This could just as well be titled “Why Cardinal Arinze is My Hero.” I am absolutely not looking forward to the demise of John Paul II, but I wouldn’t mind if Arinze succeeded him. EWTN has posted this address that he delivered on the highlights of the renewal initiated by Vatican II.

Some excerpts . . . .

If many lay people had only one request to make, they would ask that the priest celebrate Mass, or other rites, simply according to the approved books. Many lay faithful complain that rarely do they find two priests celebrating the Eucharistic sacrifice in the same way. The Roman liturgy is not a free-for-all experimentation field where each celebrant has the option to tag on his cherished accretions.

This is right on. I would really just like to see the “if it isn’t in the book, we can’t do it” mentality prevail. Some of us are highly distractable and don’t care to hear the Fr. So-and-So show, or the cantor show, or the inclusive language show.
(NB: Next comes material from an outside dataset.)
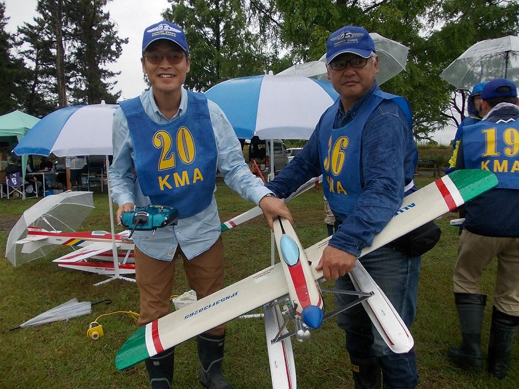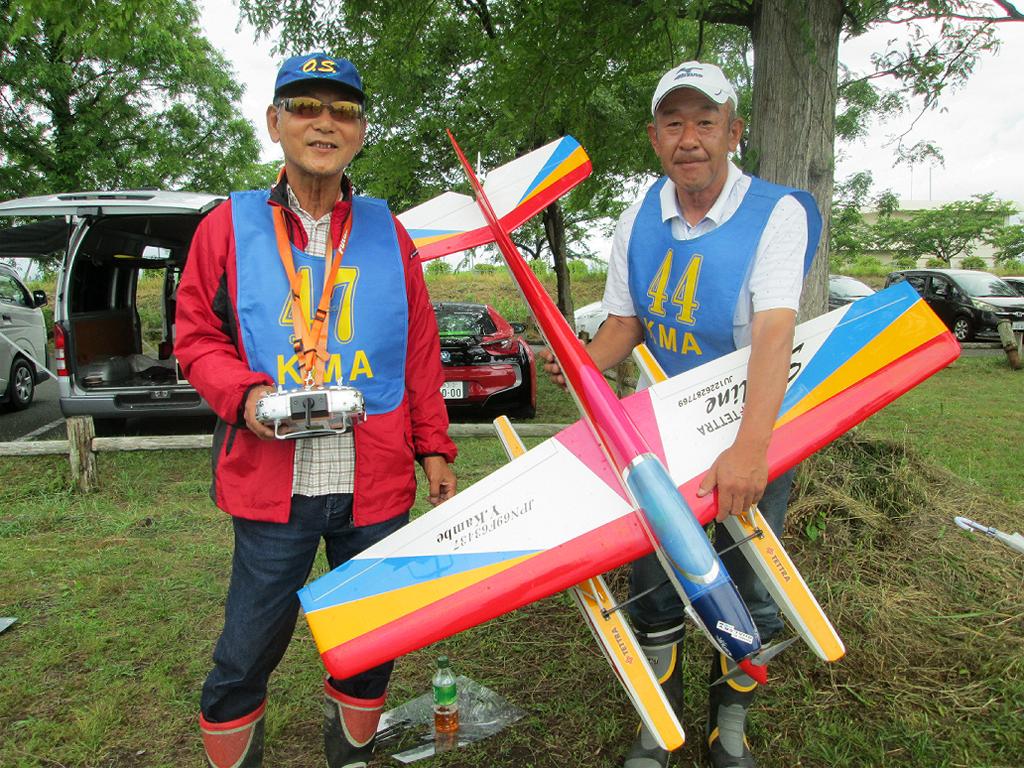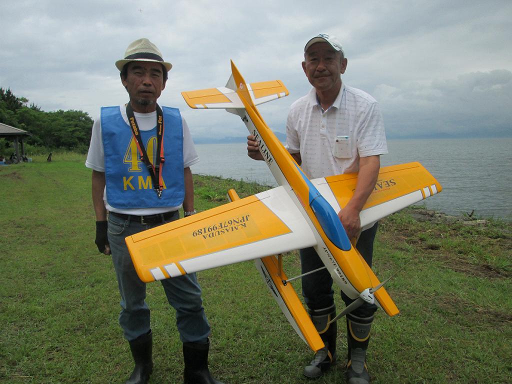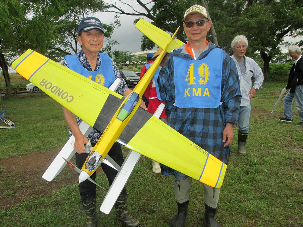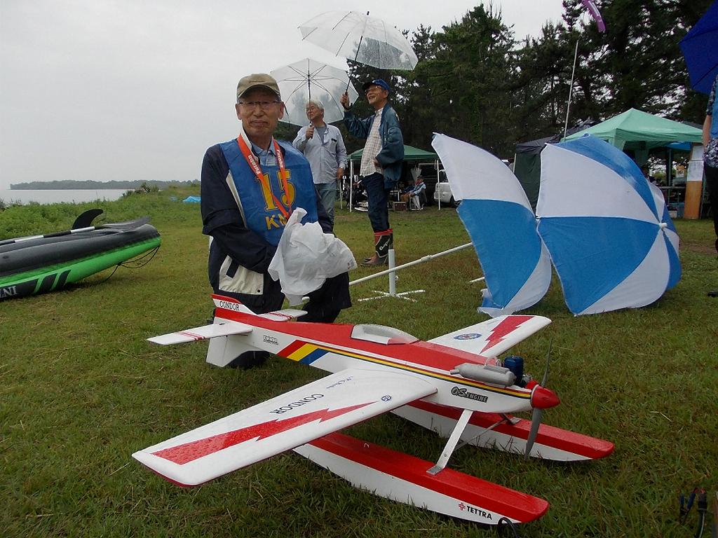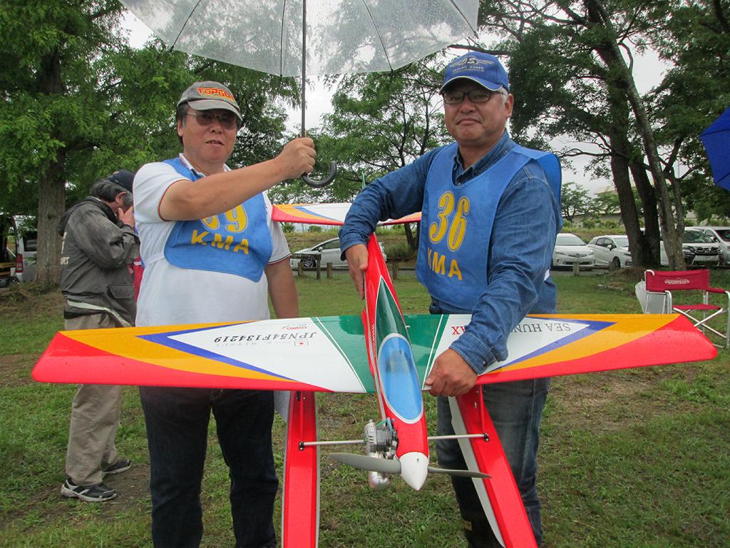 | 第64回 KMA琵琶湖水上機大会 6月11日 滋賀県高島市新旭町 今年の大会も波乱の幕開けです! 前日、土曜日の草刈り整備の後、少し靄がかかる天気でしたが波は穏やか、練習フライトには言うことなしでした。それが、日にちが変わるころからの雨、夜明けごろには梅雨らしいシトシトの雨になって、予報も今日一日中の小雨予報です。 朝、7時過ぎには委員長以下役員もそろいましたが、雨はやみそうにありません!7時半には選手もほぼそろい、この程度の雨なら送信機さえ濡れなければ、フライトに支障ないだろうとの、大方の意見で、大会は開始することに!!この時にばかりは2.4GHzの有難さを痛感しました!送信機のアンテナは短いし、受信機のアンテナも機体に収まるし、本当に機器メーカーに感謝です! 8時前に本日の大会開始を宣言し、受付を始めました。注意事項として、助手が傘をさし選手の雨よけをして、選手は送信機が濡れないように配布の袋を掛けるか濡らさない対策をとるように、との案内で進めました。 本日の参加者はこの雨天にも関わらず、最大のエントリーを頂き、感謝です。オープン級16名、初級10名、中級17名の総勢43名です。ダブルエントリーが多いので実際は31名程ですが、盛大な大会になりました。 相変わらずの小雨ですが湖面は穏やかで、フライトにはベストです。ただ、靄がかかり機体の色合いによっては、上空で見にくい機体もあるかと、心配です。なお、今回のエントリーでは国交省のリモートID搭載の事前チェックを行い、すべての機体が対象外であることを確認しております。 8時半前には受付も終わり、天気予報は午後に雨もやむ方向の様子となってきたので、競技順はオープン級・初級・中級で進め、途中雨が小降りか、止んだ時点で全員の記念撮影をすることで、スタートしました!10時頃にオープン級が終了し、ここで初級・中級の演技パターンのデモ飛行をお馴染みのメンバー、加藤氏の飛行・神戸氏の解説で実施しました。いよいよ初級競技のスタートです、やはり緊張の気配が選手の顔色に、あらわれます。さあー、頑張りましょう!今日のジャッジは初級が車田氏と栗田氏に、中級が加藤氏と三原氏に分かれ行われました。11時過ぎに初級の競技も終わり、引き続き中級の競技へと移りました。12時に弁当も届き、中級競技の途中ですが15分間ほどの食事休憩を取り、再開。14時前に競技は終了し、結果の集計と表彰の準備に移りました。この間選手には自由フライトを実施。15時前には集計も終わり発表と表彰式を、今日はKMA会長も参加して頂いているので、会長自ら選手への表彰をして戴きました。 表彰式の後、お楽しみの抽選会です!協賛メーカー様から頂いた品々を参加者数に分け、抽選でゼッケンと引き換えに協賛品を頂きます。メーカー様大感謝!最後に恒例の父の日のプレゼントとして委員長が用意したワインをじゃんけん大会で勝者が頂きます! すべてが終わり委員長による、雨の中ご協力頂いた役員・選手の皆様に感謝します。帰路お気をつけて、次回9月の大会で、また元気にお会いましょうとの挨拶で閉会しました。15時半、片付けまで終わり役員・お手伝い頂いた選手に、会長からご苦労様でしたと労いの挨拶があり、お開きになりました。 今回御協賛頂きました会社様は以下の通りです (順不動、敬称略) ㈱テトラ、㈱OK模型、ホビーショップ・トヨタ、双葉電子工業㈱、 三和電子機器㈱、小川精機㈱、 ㈱マルク、㈱斎藤製作所、カシオペア この場をお借りしまして、厚くお礼を申し上げます。 (文、写真、:KMA橋本実、 データ取りまとめ:橋本、テトラ山原さん) | ||

It is therefore clear that inculturation does not encourage banalization or trivialization of the sacred liturgy. Spontaneity run wild can manifest itself in many ways. At the beginning of Mass the priest can trivialize by amusing the people on the weather, by saying “Good morning everybody” instead of “The Lord be with you” or “The grace of Our Lord… “, which are the proper liturgical opening greetings. He can banalize by an exaggerated autobiographical introduction and trite jokes in his misguided effort to warm the people up for worship! He may not realize that he is now drawing attention to himself instead of to God and the liturgical celebration of the day.

Having a priest say “Good morning!” before Mass is high on the list of my pet peeves. It really breaks the train of thought.
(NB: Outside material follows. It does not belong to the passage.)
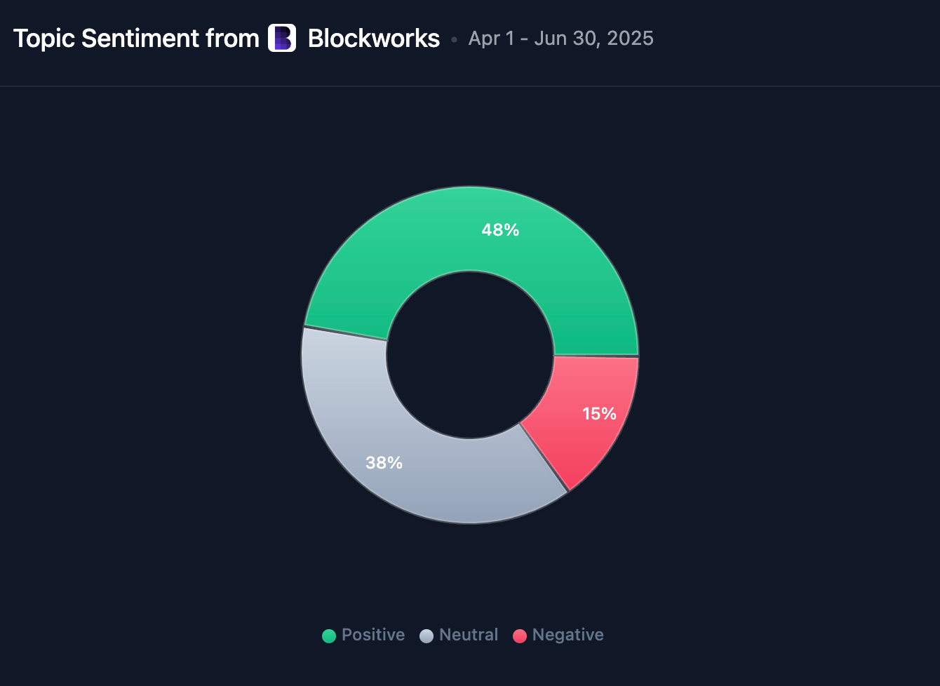 Narrative Positioning: Despite lower volume, Blockworks maintains analytical distance. Their 75% negative crime coverage and measured market analysis (46.2% positive vs. sector average ~55%) suggests institutional focus over retail enthusiasm.

Church architecture also influences active participation. If a church is built and the seats are arranged as in an amphitheatre or as in a banquet, the undeclared emphasis may be horizontal attention to one another, rather than vertical attention to God.

Need I say more?

And the altar of the Blessed Sacrament should be outstanding for its beauty and honored prominence, otherwise in some so-called restored churches one could rightly lament: “They have taken my Lord away, and I don’t know where they have put him ” (Jn 20:13).

I am fortunate to go to a parish where the Blessed Sacrament is front and center. Others in Memphis are not so lucky. We still have one parish where Jesus is literally across the narthex from the main church. I don’t know why the pastor hasn’t fixed it. He was too good of a confessor last time I went to him to be heterodox.

What it comes down to is that all involved in liturgy should just stick to the book. There is no need to change the words, nor is there any need to add rituals like “meet and greet” or the “Welcome to St. So and So’s Church” beforehand.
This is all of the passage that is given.